Data extracted from a collection:
▽

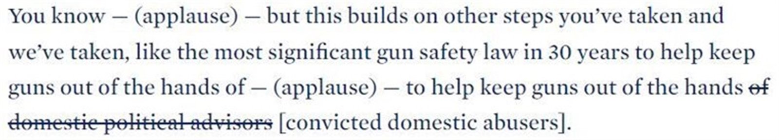وفي النص الذي نشره البيت الأبيض شطبت عبارة “المستشارين السياسيين المحليين” وكتب بين القوسين ما مقصودا، أي “المعتدون المنزليون المدانون”.
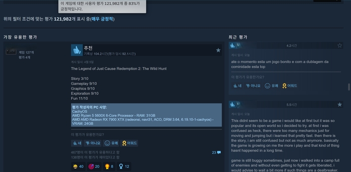 실제 글로벌 최대 PC게임 다운로드 플랫폼 스팀에서 붉은사막 이용자 평가는 초창기 긍정·부정 이슈가 절반으로 갈리는 ‘복합적’에서 83% 이상이 긍정적으로 평가한 ‘매우 긍정적’으로 올라갔다.
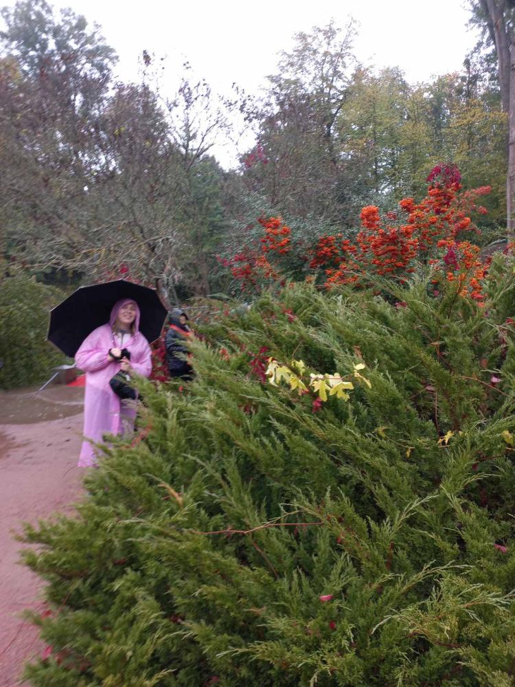 Дендропарк зустрів тихим дощем серед яскравих осінніх барв. І це створювало свій неповторний настрій і атмосферу, яка залишиться в пам’яті надовго. Розпочали знайомство з партерного амфітеатру – найурочистішої частини парку. Тут все зелене і квітуче – самшитові бордюри створюють неповторний візерунок, який заповнюють ніжні хризантеми і айстри. Далі нас чекав маршрут основними історичної частини парку – обеліск, вид на Нижнє озеро, джерело Гіпокрени, площа Зборів…
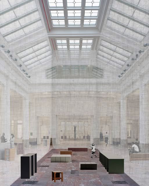 Ce projet est le fruit d’une collaboration entre l’artiste belge Michel François et le bureau d’architectes Giusto Van Campenhout, lauréats de l’appel à projets lancé en 2024 avec le soutien du Bouwmeester Maître Architecte. Leur intervention, à la fois discrète et audacieuse, dialogue avec l’architecture de Victor Horta et redonne au Hall une dimension plus humaine. Le voile monumental conçu par la designer textile Flore Fockedey crée une salle dans la salle, tandis qu’un tapis en trompe-l’œil, reproduisant les marbres originels, évoque les multiples vies de cet espace — salle des sculptures, salle des marbres, salle d’animation.
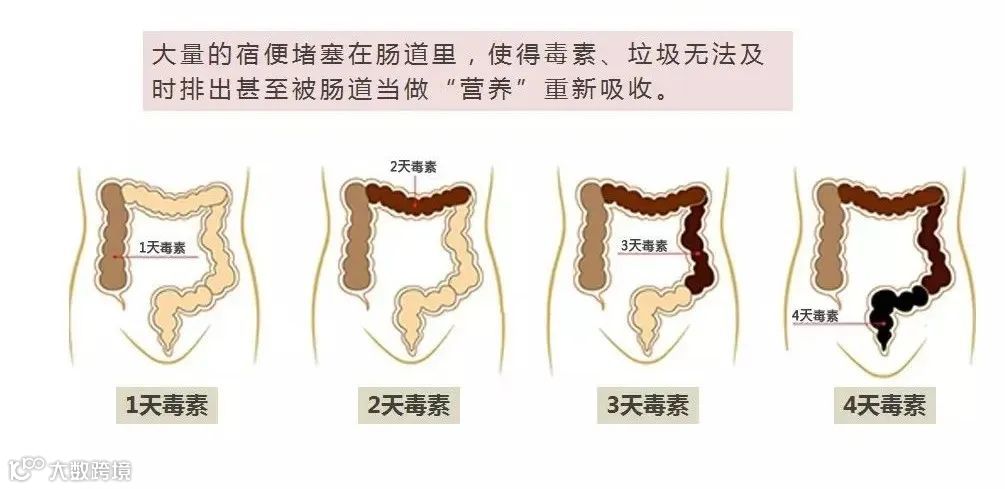 这些宿便、垃圾,像“铁锈”一样粘在肠道内壁,被肠道当做正常营养重新吸收到血液。并输送到身体各个细胞,造成肠胃功能紊乱、内分泌失调、致便秘、口臭、长痘、肥胖........
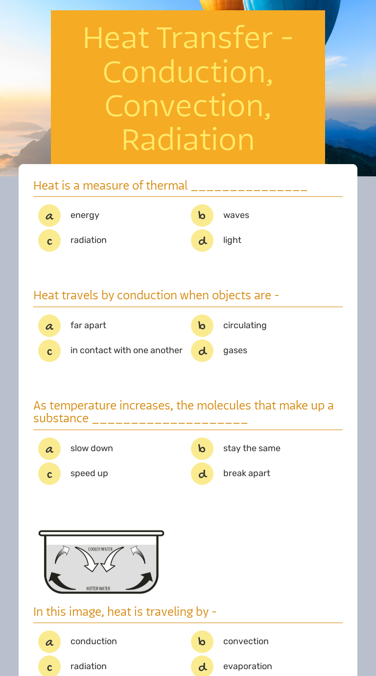 These worksheets, aligned with the heat chapter, focus on the production, transfer, and measurement of heat. Conduction, convection and radiation in each of the following examples, identify whether heat is being transferred.

△

Reproduce the data above line for line, from its first line through the line containing "Ce projet est", both ends included, with the pictures omitted and nothing more.

وفي النص الذي نشره البيت الأبيض شطبت عبارة “المستشارين السياسيين المحليين” وكتب بين القوسين ما مقصودا، أي “المعتدون المنزليون المدانون”.
 실제 글로벌 최대 PC게임 다운로드 플랫폼 스팀에서 붉은사막 이용자 평가는 초창기 긍정·부정 이슈가 절반으로 갈리는 ‘복합적’에서 83% 이상이 긍정적으로 평가한 ‘매우 긍정적’으로 올라갔다.
 Дендропарк зустрів тихим дощем серед яскравих осінніх барв. І це створювало свій неповторний настрій і атмосферу, яка залишиться в пам’яті надовго. Розпочали знайомство з партерного амфітеатру – найурочистішої частини парку. Тут все зелене і квітуче – самшитові бордюри створюють неповторний візерунок, який заповнюють ніжні хризантеми і айстри. Далі нас чекав маршрут основними історичної частини парку – обеліск, вид на Нижнє озеро, джерело Гіпокрени, площа Зборів…
 Ce projet est le fruit d’une collaboration entre l’artiste belge Michel François et le bureau d’architectes Giusto Van Campenhout, lauréats de l’appel à projets lancé en 2024 avec le soutien du Bouwmeester Maître Architecte. Leur intervention, à la fois discrète et audacieuse, dialogue avec l’architecture de Victor Horta et redonne au Hall une dimension plus humaine. Le voile monumental conçu par la designer textile Flore Fockedey crée une salle dans la salle, tandis qu’un tapis en trompe-l’œil, reproduisant les marbres originels, évoque les multiples vies de cet espace — salle des sculptures, salle des marbres, salle d’animation.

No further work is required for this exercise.